When fake companies ask for an upfront fee and then don’t provide the service you’ve paid for. 

How it could happen to you

  • Be cautious of competitions or adverts on social media that ask you to pay to enter. You may even enter a genuine competition and then be contacted by a scammer to tell you you’ve won, but need to pay a fee to get your prize
  • You're looking for a loan and are asked to pay an admin fee to secure the loan. You may also receive an unexpected call to say that you've inherited money from a long-lost relative but you need to pay a fee to secure your sum of money or the estate. The scammer might say that the fee is refundable and will be used as a deposit or an administrative charge
  • Rogue traders may knock on your door and try to convince you that your roof needs fixing. They may even appear to do some of the work, but only move around a few tiles. Then, the bills start coming in and the amount of money they’re asking for increases

Stop. Challenge.

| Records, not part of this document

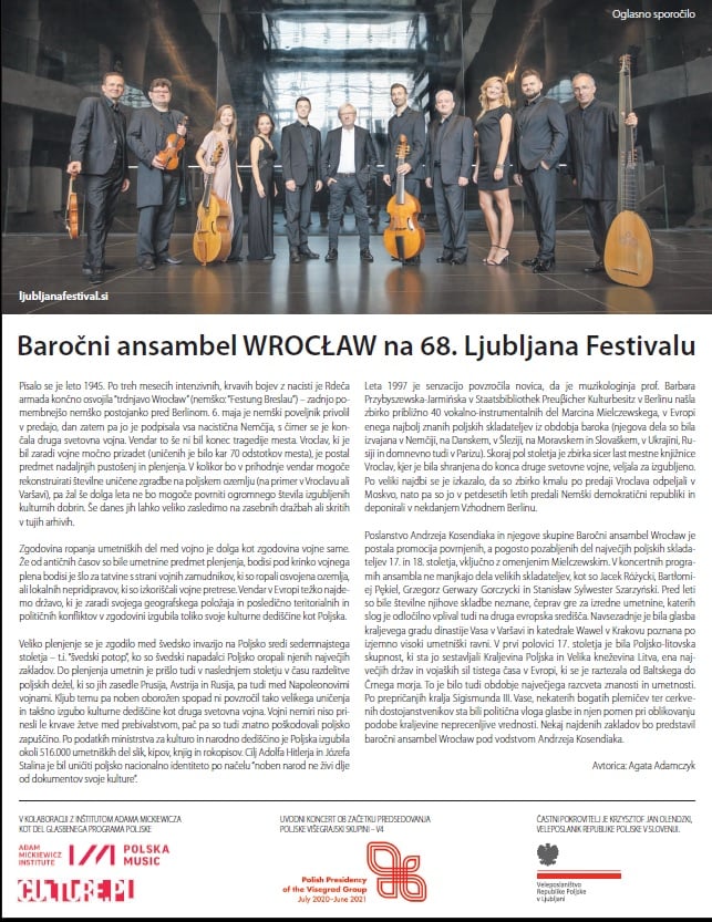W dniu koncertu w Dzienniku Delo ukazał się artykuł opisujący fascynującą historie odnalezienia zagrabionych w czasie II wojny światowej skarbów polskiej muzyki barokowej.
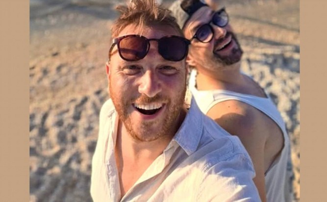 За огромно съжаление на многобройните им фенки, двамата актьори не издават местоположението си са, но се вижда, че плажът е спокоен и липсва навалица.
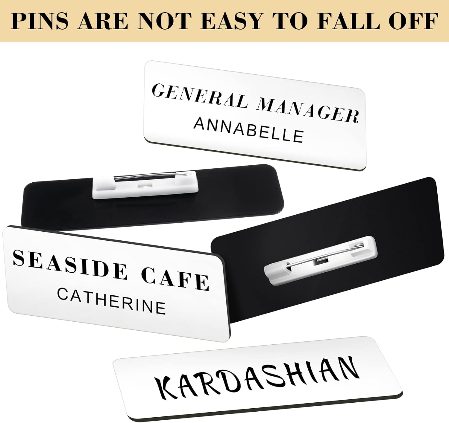 - Name Tags with Clips: on the back of the blank name tag, there is a clip; The pin makes it easy to wear and remove, practical and reliable, it won't come off easily; You can also store them easily when you don't use them
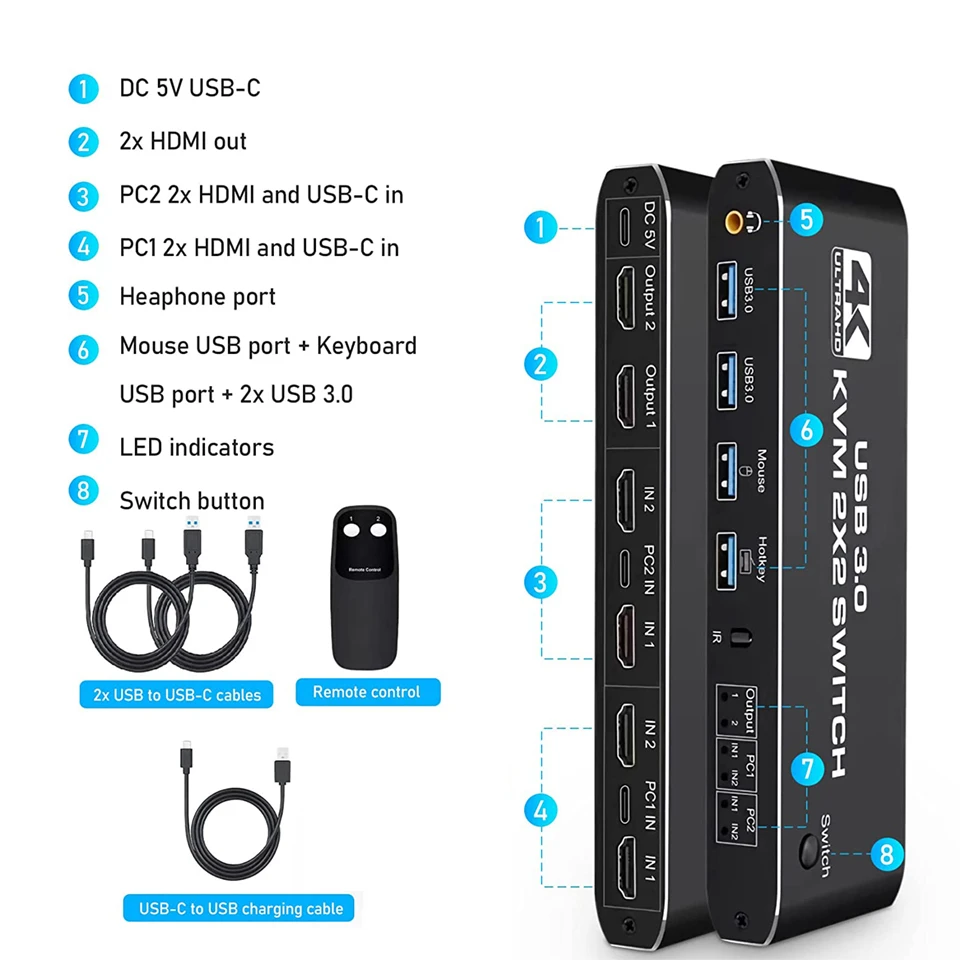 2 In 2 Out 4K USB 3,0 HDMI KVM Switch Box Monitor dual para 2 PC Sharing Keyboard Mouse Printer Plug Play Video 2 Display USB Swltch Splitter
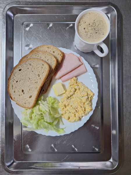 Kawa zbożowa z mlekiem 250ml. (1,7) Pieczywo mieszane 110g (1) Masło 15g.(7) Jajko gotowane 1 szt. (3) Majonez 10g. (3) Wędlina 50g. Sałata 30g.
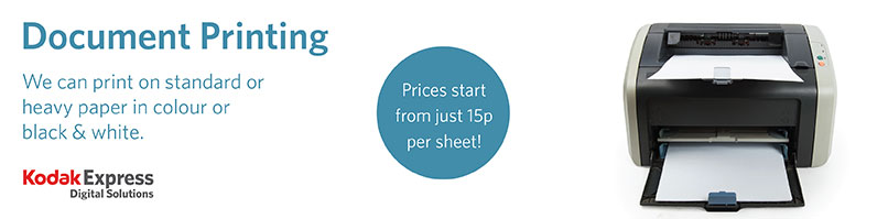 To make it easy for you to print your documents quickly we have laptop and internet facility in store. We recommend you bring your document on a USB pen drive, however we can also print from memory cards, mobile phones and CDs. You can also send us your documents by email before coming into the store to kodakprints@gmail.com and they will be printed when you come to collect them.
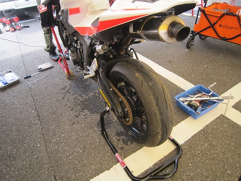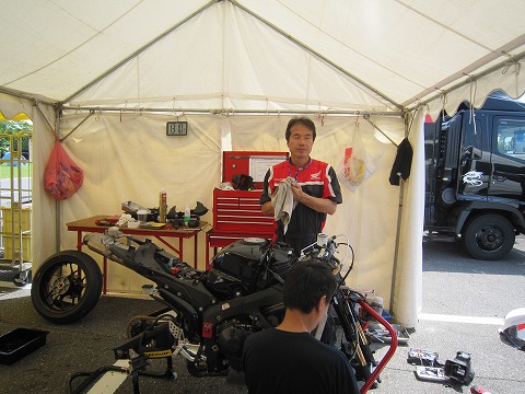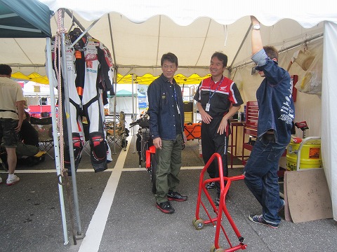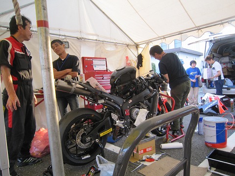 15:11 直ったよ 修理が完了して、マシンはインフィールドのパドックへ。 清水メカも自分らヘルパーも一段落。 後はライダーにガンバってもらいましょう。 |
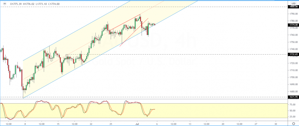 A bearish close below the doji’s low of 1757.40 could signal a correction could be underway.
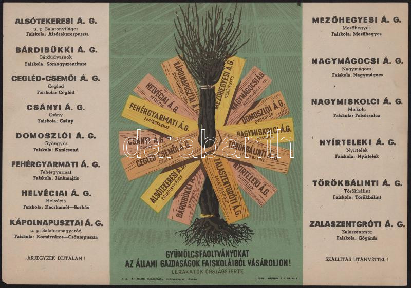 cca 1960-1970 "Gyümölcsoltványokat az állami gazdaságok faiskoláiból vásároljon! Lerakatok országszerte", reklám plakát, Állami Gazdaságok Kereskedelmi Irodája, Terv-ny., szakadással, hajtásnyommal, gyűrődéssel, 23x32 cm

Protect.

  • Always query requests to pay for goods or services you haven’t ordered or are unaware of, especially if you’ve had to pay fees upfront
  • If you’ve been contacted by someone claiming to be from a company, always phone back on a number you know to be correct
  • It’s extremely unlikely that you’ve won a lottery or competition that you haven’t entered, especially one asking for an upfront fee
  • If you’re paying a trader, check them out by reading reviews online and speaking to someone you trust first

Impersonation scams

When someone pretends to be the police, a bank, a friend or business, to convince you to send them money. 

Investment scams

When you’re invited to invest in things that are worthless, or don’t exist.

Purchase scams

When fake or non-existent items are advertised for sale.

Invoice scams

When account details on an invoice are changed, or emails are intercepted, so the money is wrongly paid into the scammer’s account.

Romance scams

When someone pretends to be interested in a romantic relationship with you. They gain your trust and then ask for money.

Money mules

When you let someone put money into your account, which you then transfer on. You may be told you can keep some of the money for yourself.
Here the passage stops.